* [Exercise details] Only text belongs in your copy of the listing below; reproduce it exactly and leave out the pictures.

* [Task input]

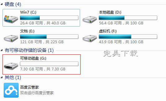 首先,插入我们需要转换格式的u盘,查看u盘在电脑中所分配到的盘符,如下图
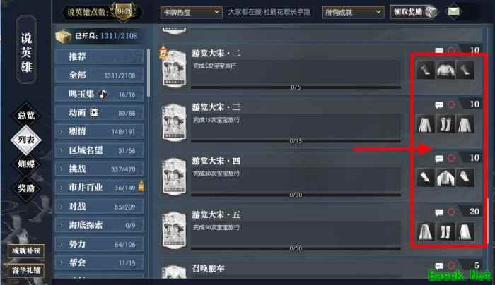 ⑥玩法奖励:完成宝宝出游玩法,除了会增加宝宝的成长值外,还会奖励宝宝时装以及对应的说英雄卡。
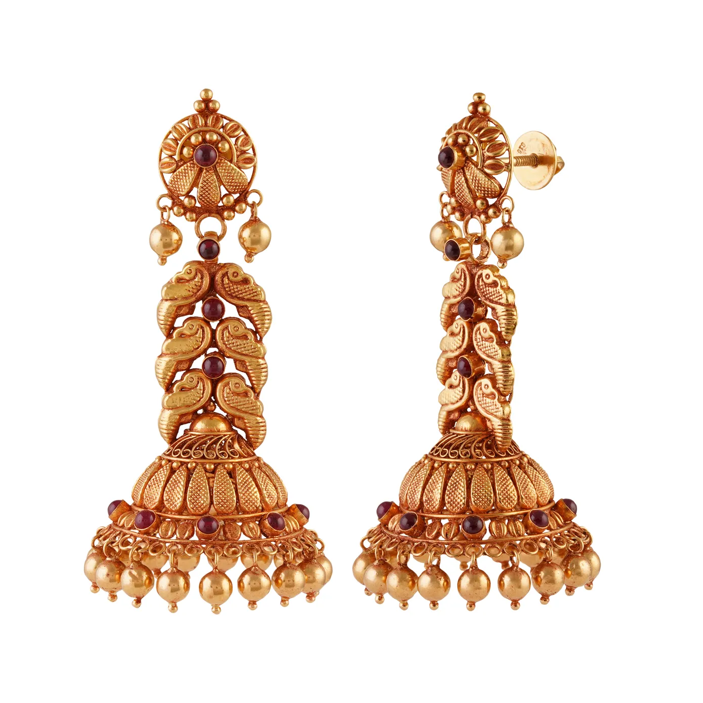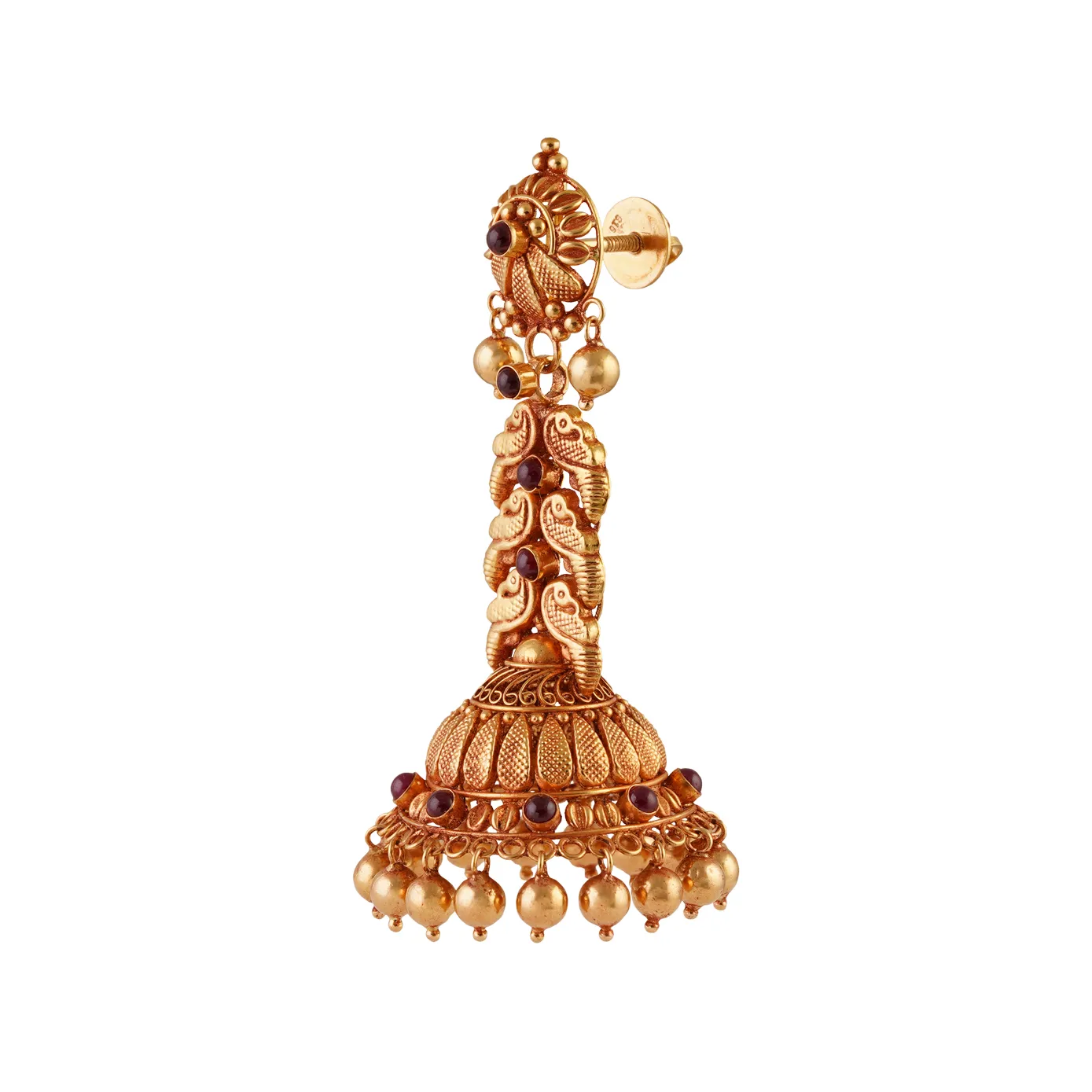 Long Jhumkas are a posh selection that emphasizes a luxury glimpse when coupled with perfect traditional wear. The enchanting peacock motif sits elegantly atop the floral dome with gold balls. The attractiveness intensifies with the presence of Kemp stones across the Jhumka.
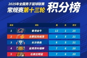 【積分榜】2025年NBL常規(guī)賽第13輪全部戰(zhàn)罷。
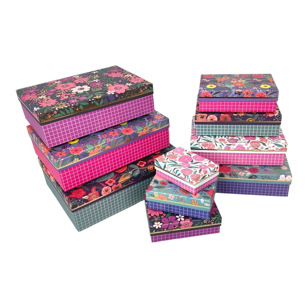Коробка прямоугольная Цветочный микс, набор из 10 шт, FA54-22
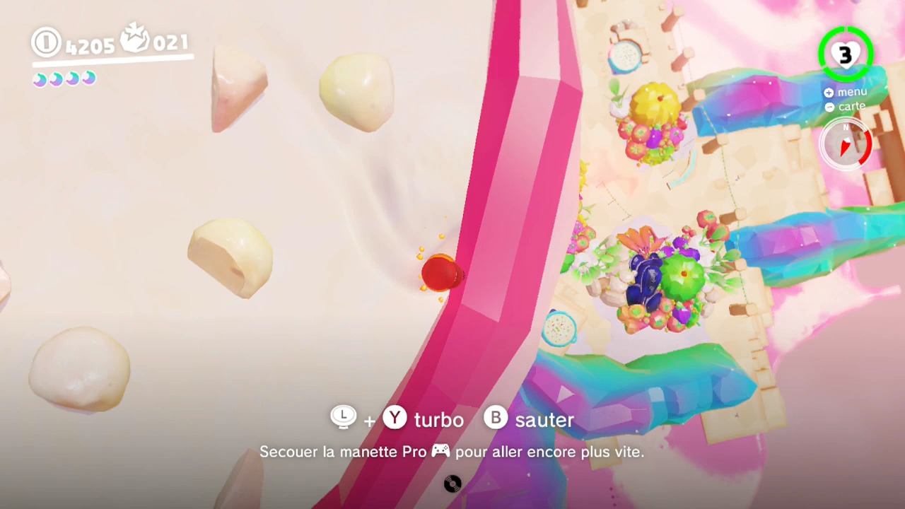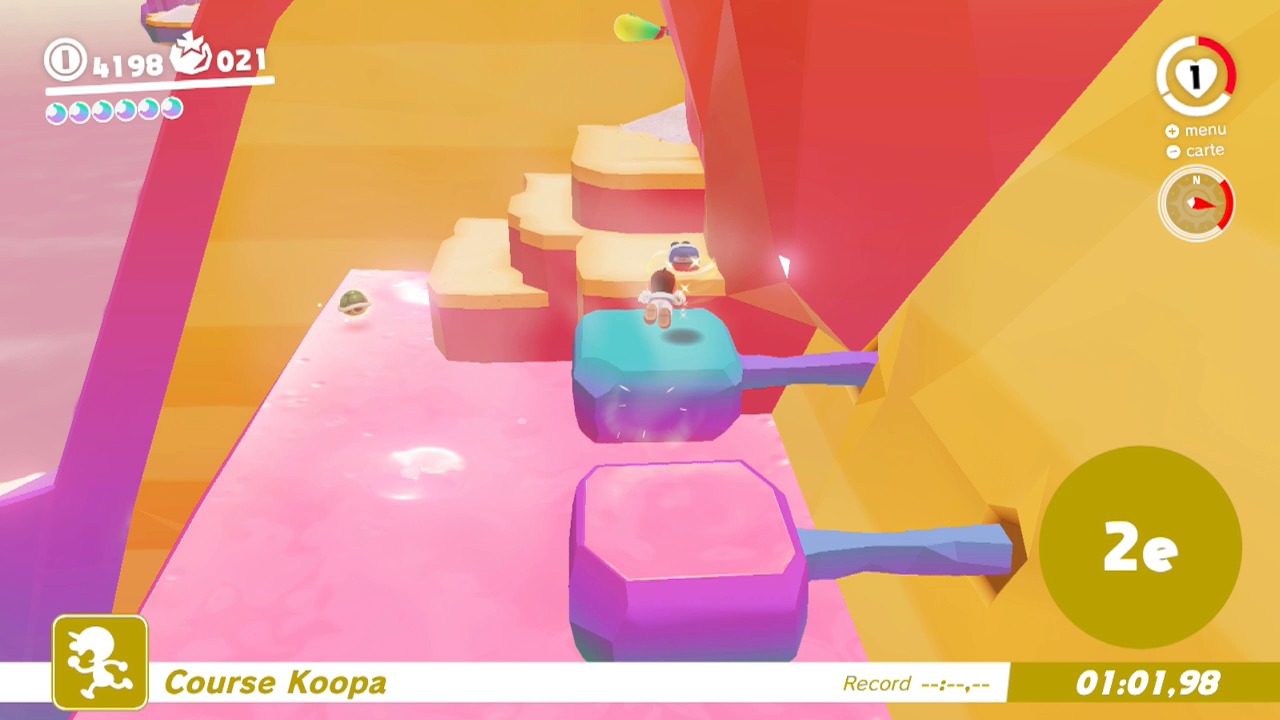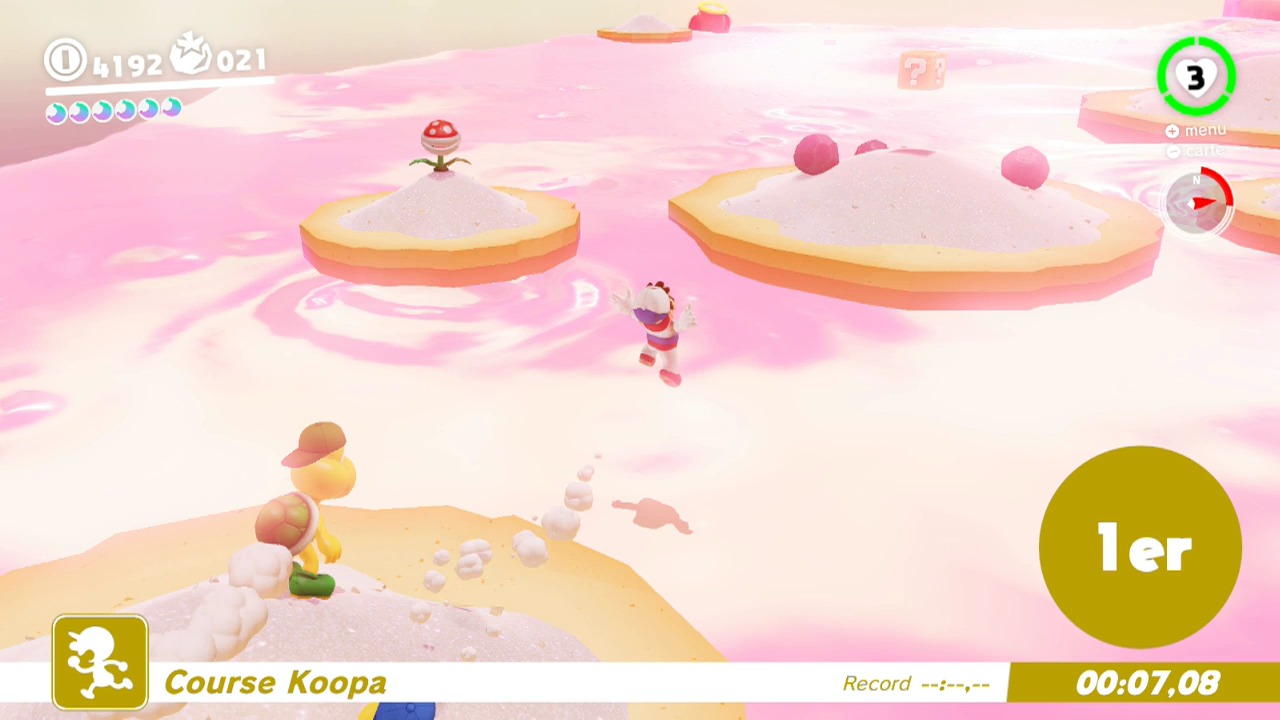 Il n’y a pas vraiment de raccourcis pour cette course. Si elle est dangereuse, il faudra néanmoins être téméraire. Prenez des risques et sautez sur les plateformes les plus éloignées possibles pour atteindre le début du sentier. Utilisez le saut Cappy spécial après un saut en longueur pour atteindre un maximum de distance en terminant avec un plongeon (ZL > Y).
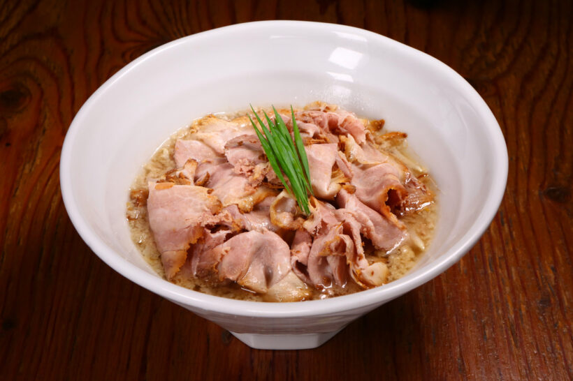 新食感、ふわっふわのとろけるチャーシューが山盛り。スープに肉のうまみが溶け出し、肉好きにはたまらない一杯
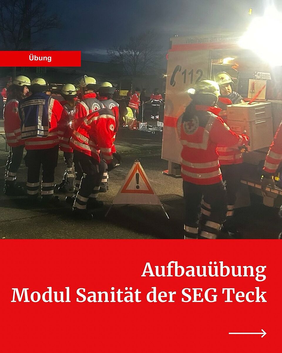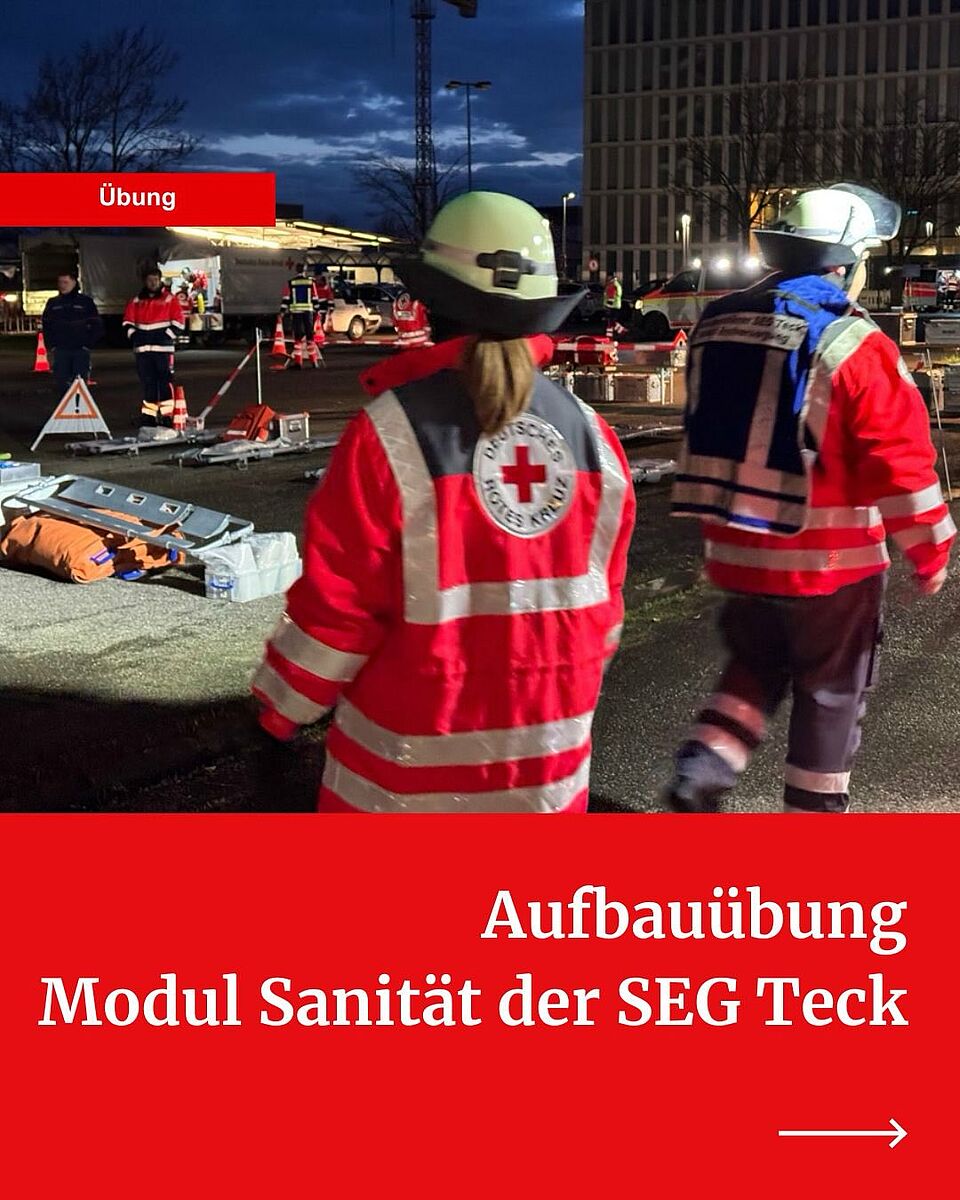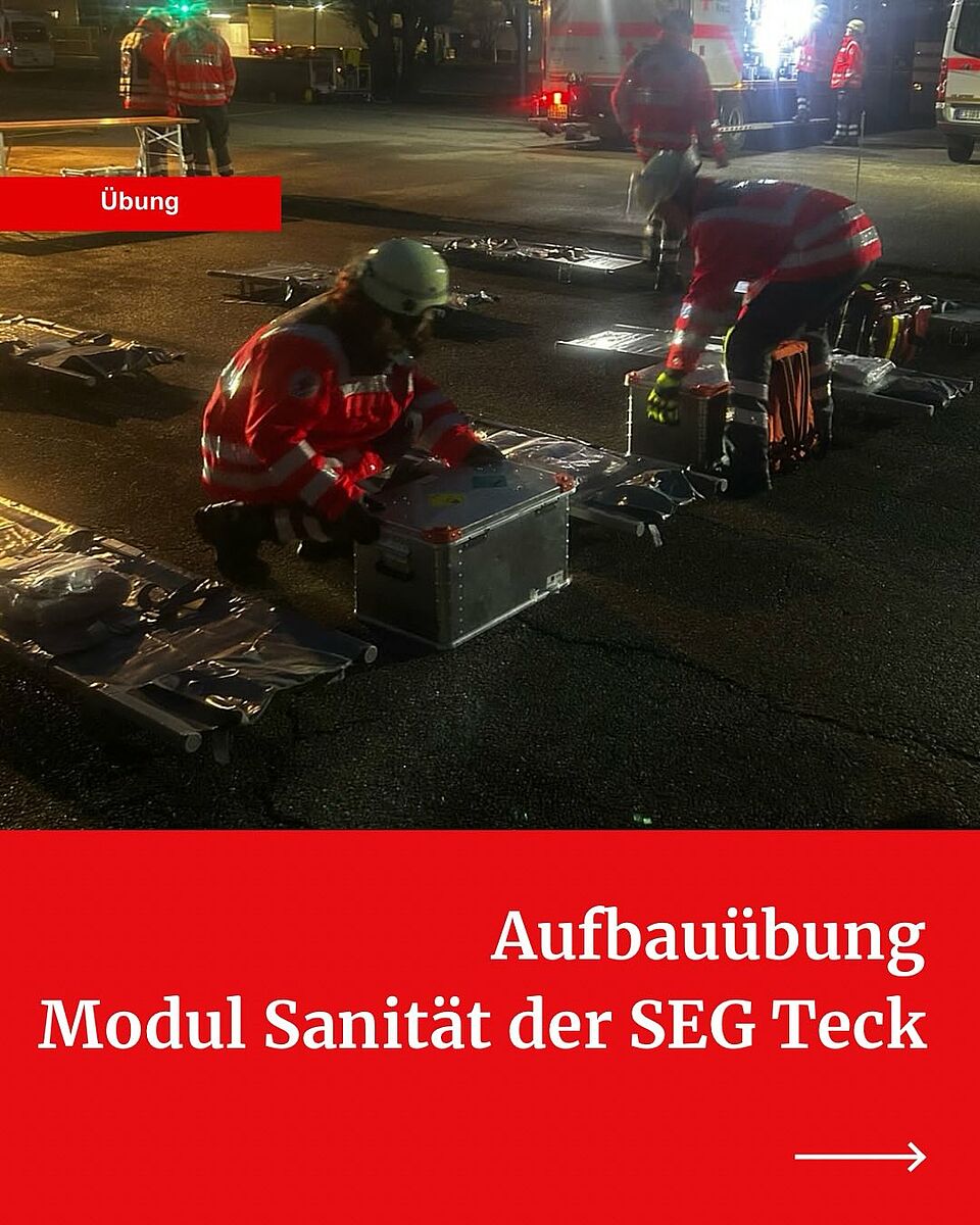 Zudem waren je ein Modul Führung und ein Modul Technik und Sicherheit des DRK Kreisverband Esslingen, die Transportorganisation „Checkpoint-T“ der Malteser Neckar-Alb sowie der DRK Rettungsdienst in die Übung involviert.
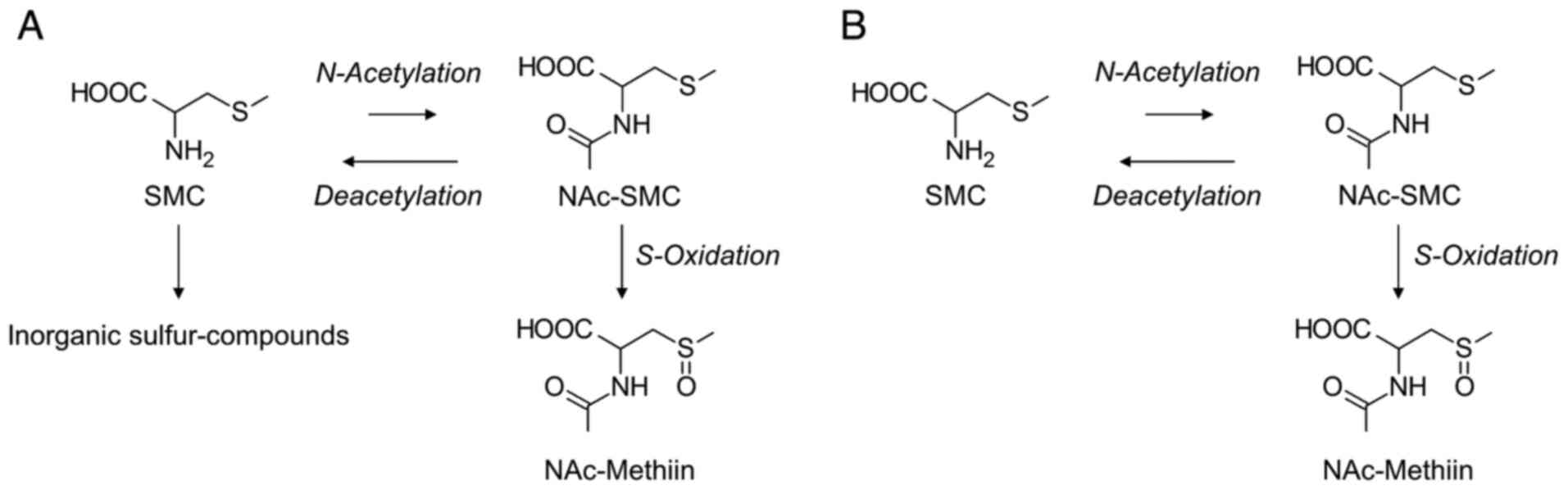 Mitchell SC, Smith RL, Waring RH and Aldington GF: The metabolism of S-methyl-L-cysteine in man. Xenobiotica. 14:767–779. 1984.PubMed/NCBI View Article : Google Scholar
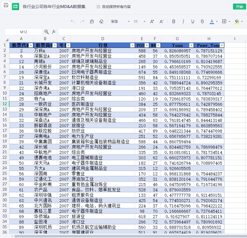 股票代码 | 股票简称 | 年份 | 行业 | POST | NEG | Tone | Peer_Tone

* [Exercise answer]
 首先,插入我们需要转换格式的u盘,查看u盘在电脑中所分配到的盘符,如下图
 ⑥玩法奖励:完成宝宝出游玩法,除了会增加宝宝的成长值外,还会奖励宝宝时装以及对应的说英雄卡。
 Long Jhumkas are a posh selection that emphasizes a luxury glimpse when coupled with perfect traditional wear. The enchanting peacock motif sits elegantly atop the floral dome with gold balls. The attractiveness intensifies with the presence of Kemp stones across the Jhumka.
 【積分榜】2025年NBL常規(guī)賽第13輪全部戰(zhàn)罷。
Коробка прямоугольная Цветочный микс, набор из 10 шт, FA54-22
 Il n’y a pas vraiment de raccourcis pour cette course. Si elle est dangereuse, il faudra néanmoins être téméraire. Prenez des risques et sautez sur les plateformes les plus éloignées possibles pour atteindre le début du sentier. Utilisez le saut Cappy spécial après un saut en longueur pour atteindre un maximum de distance en terminant avec un plongeon (ZL > Y).
 新食感、ふわっふわのとろけるチャーシューが山盛り。スープに肉のうまみが溶け出し、肉好きにはたまらない一杯
 Zudem waren je ein Modul Führung und ein Modul Technik und Sicherheit des DRK Kreisverband Esslingen, die Transportorganisation „Checkpoint-T“ der Malteser Neckar-Alb sowie der DRK Rettungsdienst in die Übung involviert.
 Mitchell SC, Smith RL, Waring RH and Aldington GF: The metabolism of S-methyl-L-cysteine in man. Xenobiotica. 14:767–779. 1984.PubMed/NCBI View Article : Google Scholar
 股票代码 | 股票简称 | 年份 | 行业 | POST | NEG | Tone | Peer_Tone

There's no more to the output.